SQL Server 2012 Multi-Subnet Cluster Part 4

Problem

In a previous tip on Install SQL Server 2008 on a Windows Server 2008 Cluster Part 1, we have seen how to install and configure a SQL Server 2008 on a Windows Server 2008 Failover Cluster. We now have a new requirement to deploy a SQL Server 2012 instance on a multi-subnet cluster that spans different geographical locations. How do I install and configure a SQL Server 2012 on a multi-subnet cluster? Check out this tip to learn how.

Solution

To continue this series on Installing SQL Server 2012 on a Multi-Subnet Cluster, let's look at what we have accomplished so far.

In Part 1, we have configured the storage in both of the servers that we will be using as part of our cluster.
In Part 2, we've created the Windows Server 2008 R2 multi-subnet cluster, configured the cluster heartbeat settings and modified the cluster quorum configuration.
Part 3 completed with a working SQL Server 2012 multi-subnet cluster running on a single node.
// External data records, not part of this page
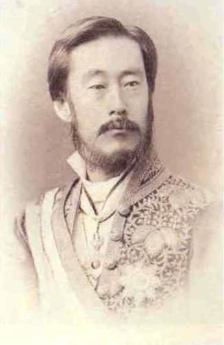 Nabeshima Naohiro (鍋島 直大?, October 17, 1846 – June 19, 1921) was the 11th and final daimyō of Saga Domain in Hizen Province, Kyūshū, Japan. Before the Meiji Restoration, his name was Nabeshima Mochizuru (鍋島 茂実?) and his honorary title was Hizen-no-Kami.
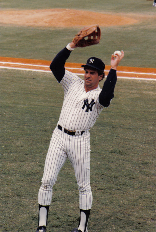 Steve Kemp 04:31, 8 May 2008 . . Phil5329 . . 520×772 (168 KB)
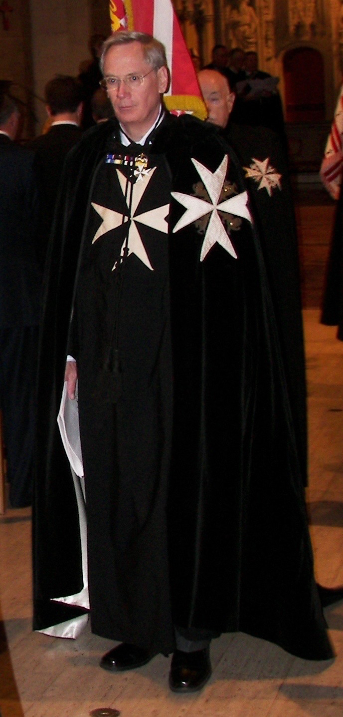 HRH Prince Richard, the Duke of Gloucester, at Christ Church Cathedral on 4 November 2006. This photograph was taken by my wife (Beth Boven) at the Investiture service of the Priory in the United States of the Most Venerable Order of the Hospital of Saint John of Jerusalem.
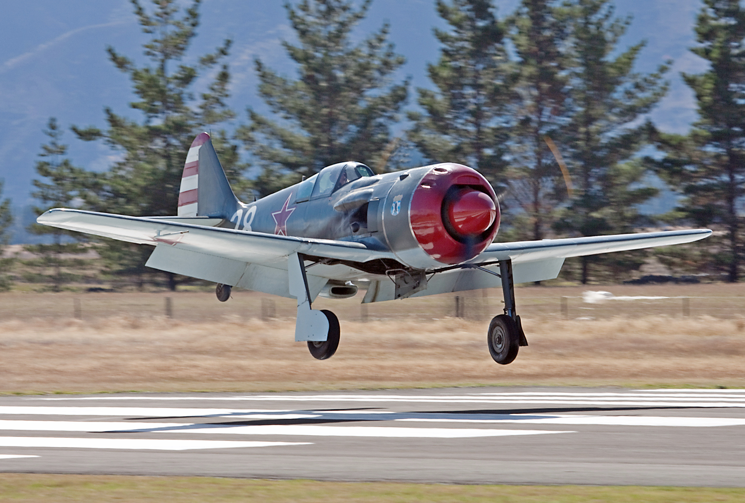 ZK-LIX Lavochkin La-9 "28white". Warbirds Over Wanaka, April 2010

In this tip, we will proceed to add a node in a SQL Server 2012 multi-subnet cluster and configure network properties of the cluster resource group.
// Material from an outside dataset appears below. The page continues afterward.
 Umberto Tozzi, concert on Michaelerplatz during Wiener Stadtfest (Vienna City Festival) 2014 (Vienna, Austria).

Adding a Node on a SQL Server 2012 Multi-Subnet Cluster

Adding a node in a SQL Server 2012 multi-subnet cluster is no different than performing the same task in a single-subnet cluster - the steps have been highlighted in this tip. What I would like to point out in this tip, however, are the differences in the sections of the installation that pertains to the cluster spanning multiple subnets. As I've also mentioned in the previous tip, the number of nodes you can add in a failover cluster depends on the editions of SQL Server that you will use. Make sure you include that in your planning phase. I'm also skipping some sections because they're basically the same as when you were installing the SQL Server 2012 failover cluster.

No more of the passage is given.